#### Exercise objective:
Using the data that follows, give again word for word the lines between the one holding "Also called the" and the one holding "在听取乐萌教育集团负责人赵秀", inclusive. Omit the pictures.

#### Supplied information:

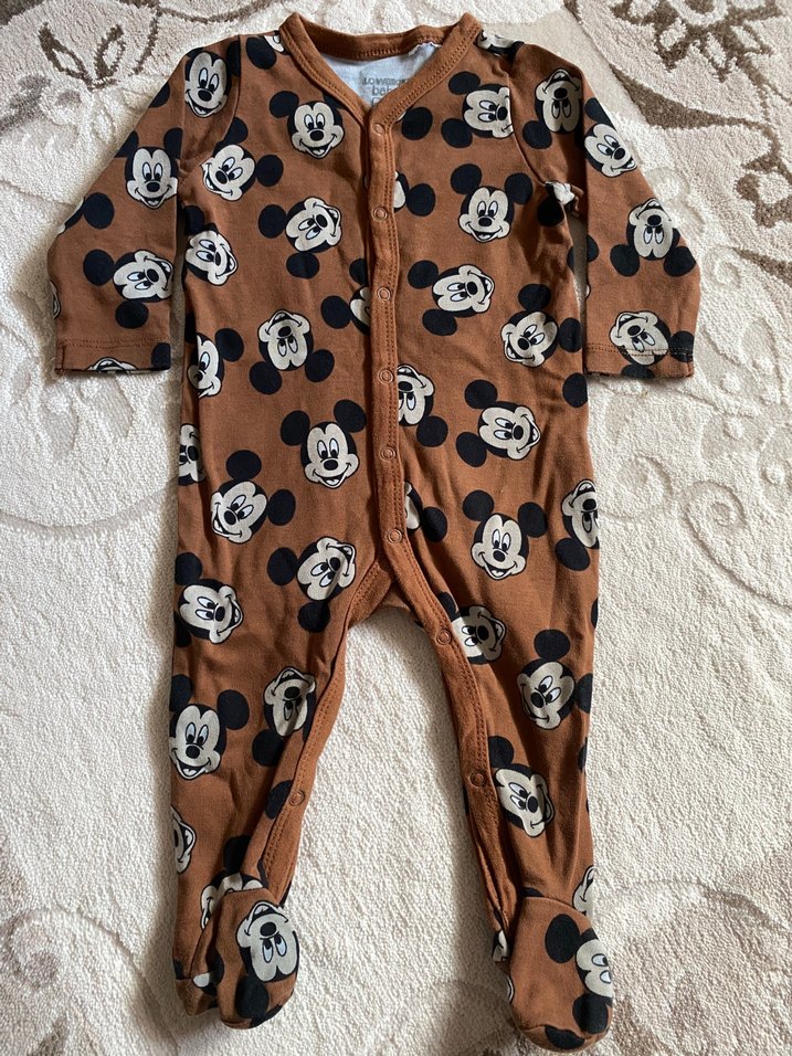 Uzun kollu, yuvarlak yakalı kahverengi bebek tulumu, düğmeli ve baskılı Mickey Mouse desenli, yumuşak ve sıcak kumaştan, diğer tulumlarda aynı şekilde yumuşacık ve çok az kullanıldılar
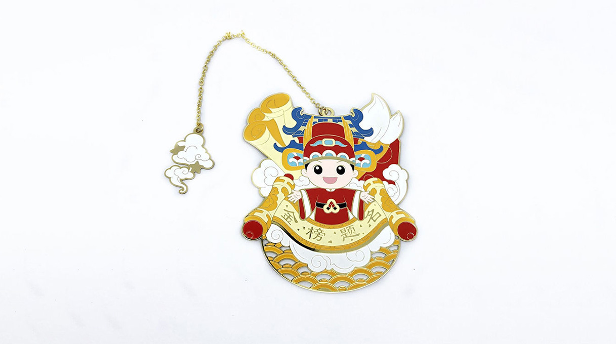 聚福和文創(chuàng)金榜題名創(chuàng)意書簽,是一款很有意思的文創(chuàng)產(chǎn)品。設(shè)計(jì)以卡通動(dòng)漫狀元郎為原型,紅色為金黃色主色調(diào)彰顯喜慶大氣富貴,整體外觀精美大氣,又很開可愛(ài),金屬鏈條搭配祥云,背面又可印LOGO圖文,或者人名。金榜題名創(chuàng)意書簽很適合做為校園文創(chuàng)禮品,或者做為畢業(yè)禮品送同學(xué)朋友。
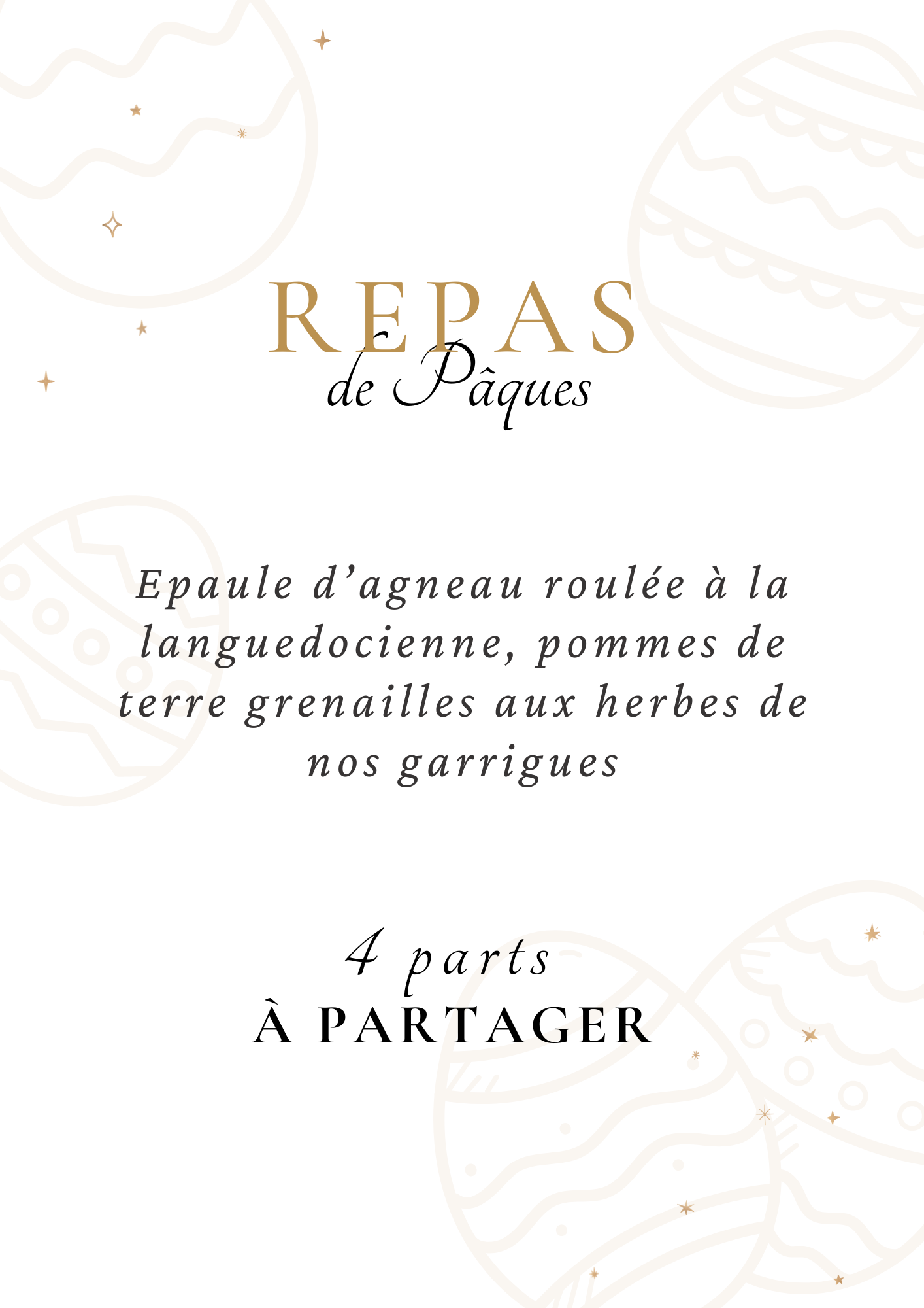 Pour le week-end Pascal, laissez-vous tenter par notre suggestion spécialement élaboré par notre Chef
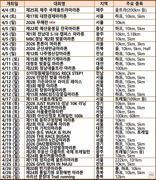 이제 벚꽃과 함께 본격적인 달리기 시즌이 시작됩니다.2026년 4월 마라톤 일정을 잘 확인하시고, 무리하지 않는 선에서 즐거운 러닝 되시길 바랍니다!
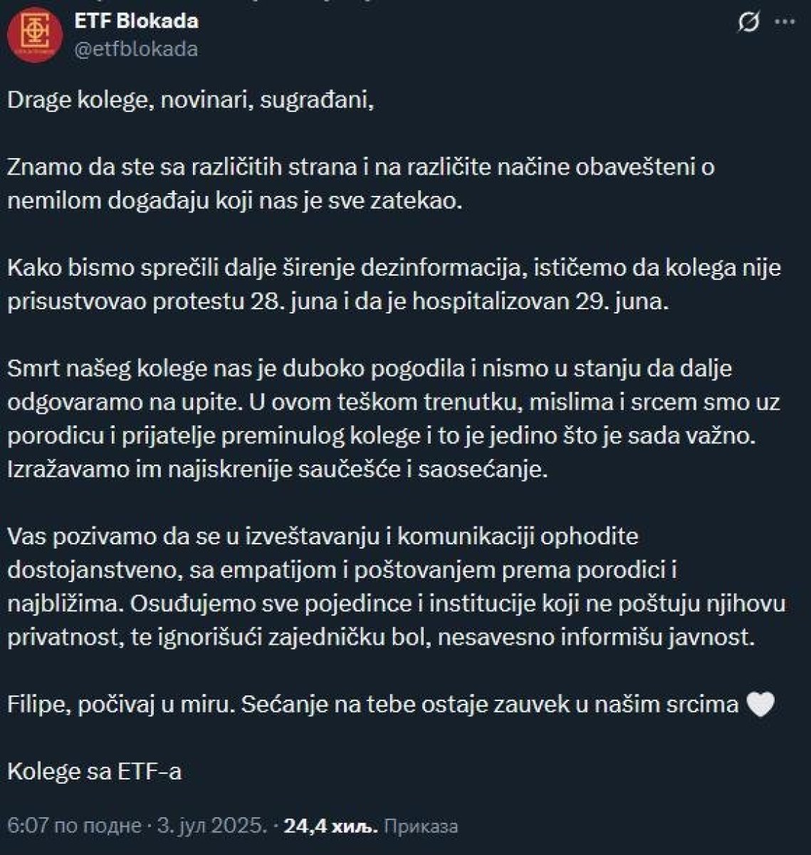 Naime, studenti u blokadi sa ETF-a objavili su saopštenje u kom su naveli da smrt njihovog kolege nema veze sa protestom koji se dogodio 28. juna na Vidovdan, te da on nije ni prisustvovao istom.
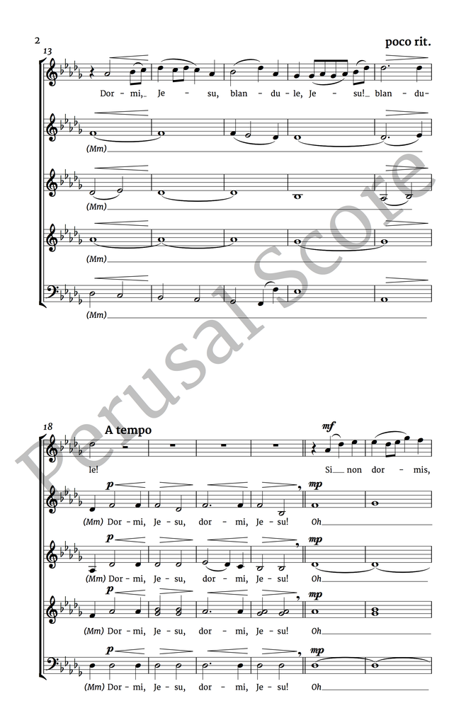 Also called the Virgin's Cradle Hymn, "Dormi, Jesu" is a meditative piece inspired by choral music from Eastern Europe. Sing at Christmas or any time of the year.
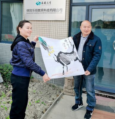 在听取乐萌教育集团负责人赵秀茹介绍“蒙氏”教育从心里智力引导到培养良好习惯的方式后,杨盛向乐萌教育集团赠送国画《为民服务孺子》,他说:幼儿教育关乎祖国的花朵是否鲜艳可爱,乐萌教育担负娃娃们茁壮成长的担子任重道远,一定要牢记习总书记新春讲话精神,要干做为民服务孺子牛,要像一支燃烧的蜡烛照亮童心。
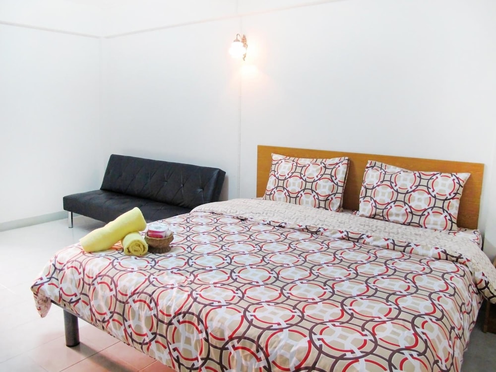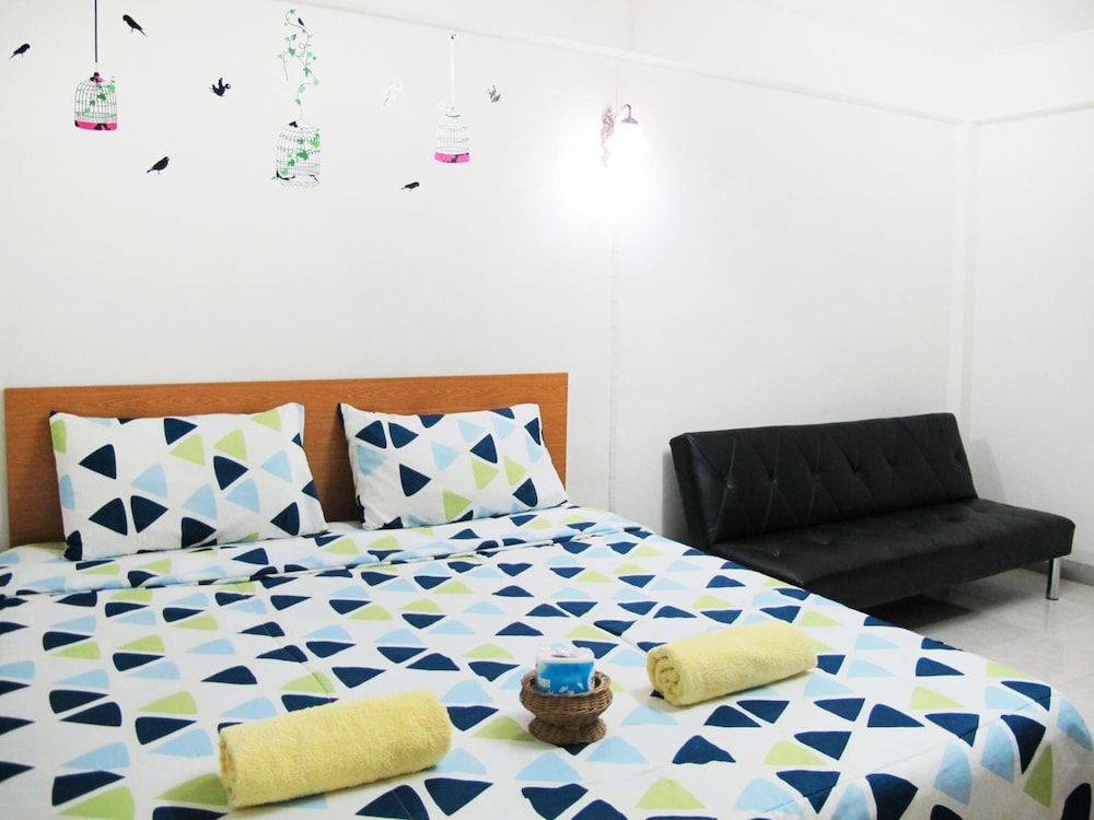 Very practical location, close to MRT. If you have to arrange a lot of things in Bangkok and you need public transport, this is a perfect base. Smaller shops, restaurants, a good night market in a couple of minutes walking distance. The room is basic, it has everything you really need, including a proper wardrobe and a huge fridge. I only missed a water heater to make tea or coffee. Clean linen, comfortable mattress.

#### Result below:
 Also called the Virgin's Cradle Hymn, "Dormi, Jesu" is a meditative piece inspired by choral music from Eastern Europe. Sing at Christmas or any time of the year.
 在听取乐萌教育集团负责人赵秀茹介绍“蒙氏”教育从心里智力引导到培养良好习惯的方式后,杨盛向乐萌教育集团赠送国画《为民服务孺子》,他说:幼儿教育关乎祖国的花朵是否鲜艳可爱,乐萌教育担负娃娃们茁壮成长的担子任重道远,一定要牢记习总书记新春讲话精神,要干做为民服务孺子牛,要像一支燃烧的蜡烛照亮童心。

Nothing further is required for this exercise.